You have the legal right to:

  • Access to your personal that we process (Art. 15 GDPR)
  • Rectification and completion of your data (Art. 16 GDPR)
  • Erasure (Art. 17 GDPR)
  • Restriction of processing (Art. 18 GDPR)
    Data portability (Art. 20 GDPR)
  • Withdrawal of your consent (Art. 7 GDPR) with effect for the future. The withdrawal of consent will not affect the lawfulness of processing based on consent before its withdrawal.
  • You have the right to demonstration of your own point of view and refutation of an automated decision (Art. 22 GDPR).
  • You also have the right to object to the processing of your data which is based on our legitimate interests or the legitimate interests of a third party at any time, on grounds relating to your particular situation (Art. 21 GDPR). This also applies to profiling based on these provisions within the meaning of Art. 4 (4) GDPR.
  • Objection to direct marketing – You have the right to object to the processing of your data for the purpose of direct marketing at any time without giving reasons.
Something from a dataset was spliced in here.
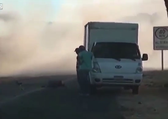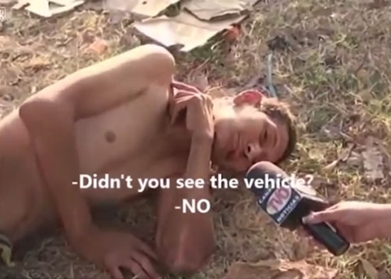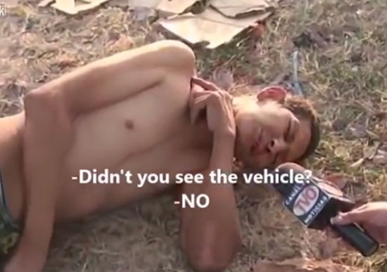 16일(현지시간) 영국 동영상 공유사이트 ‘라이브릭’(Liveleak.com)에는 최근 엘살바도르 플라자 도로에서 트럭과 충돌해 바닥에 쓰러진 남성의 인터뷰 영상이 게재됐다.
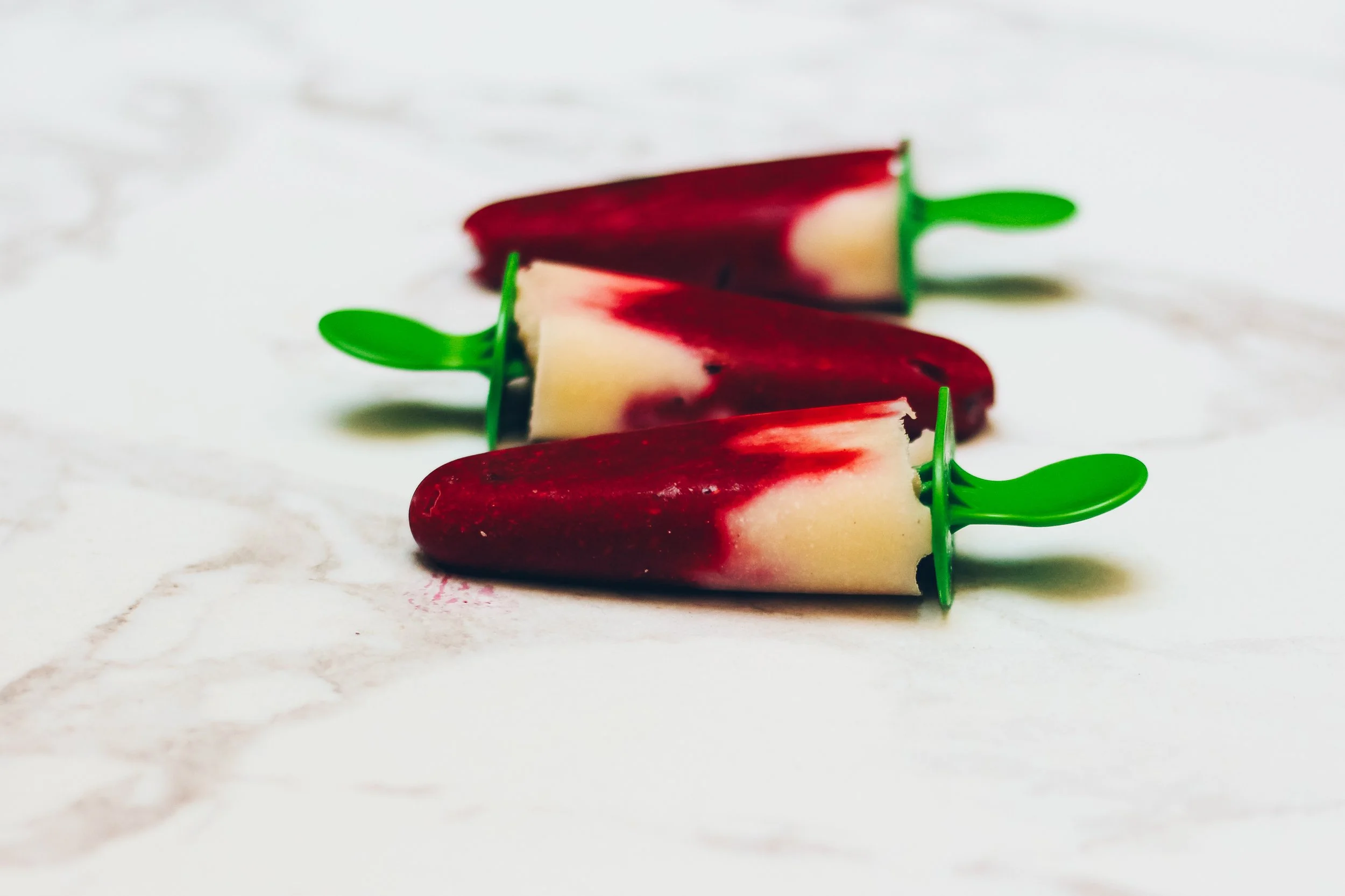 Steck die dazugehörigen Stiele hinein und beweg sie ein paar Mal auf und ab oder mach kleine Kreise, um schöne Muster zu erzeugen. Anschließend für mindestens 3-4 Stunden im Gefrierfach vollständig durchfrieren lassen

To exercise these rights, you can contact us via the contact details mentioned above.

You also have the legal right to lodge a complaint with a data protection supervisory authority (Art. 77 GDPR).

Legal Disclaimer

Fischer HRM GmbH assumes no liability whatsoever for the correctness, completeness, topicality or quality of the information contained within this website, or for any third-party content linked to this site. The information on this website is to be used privately and exclusively for informational purposes.
The reproduction, alteration or dissemination of information and/or data content, and the use of texts (in whole or part), images or graphics in particular is prohibited without prior written permission from Fischer HRM GmbH. Unauthorised reproduction, usage, alteration or dissemination of individual content or entire pages will result in prosecution according to both criminal and civil law.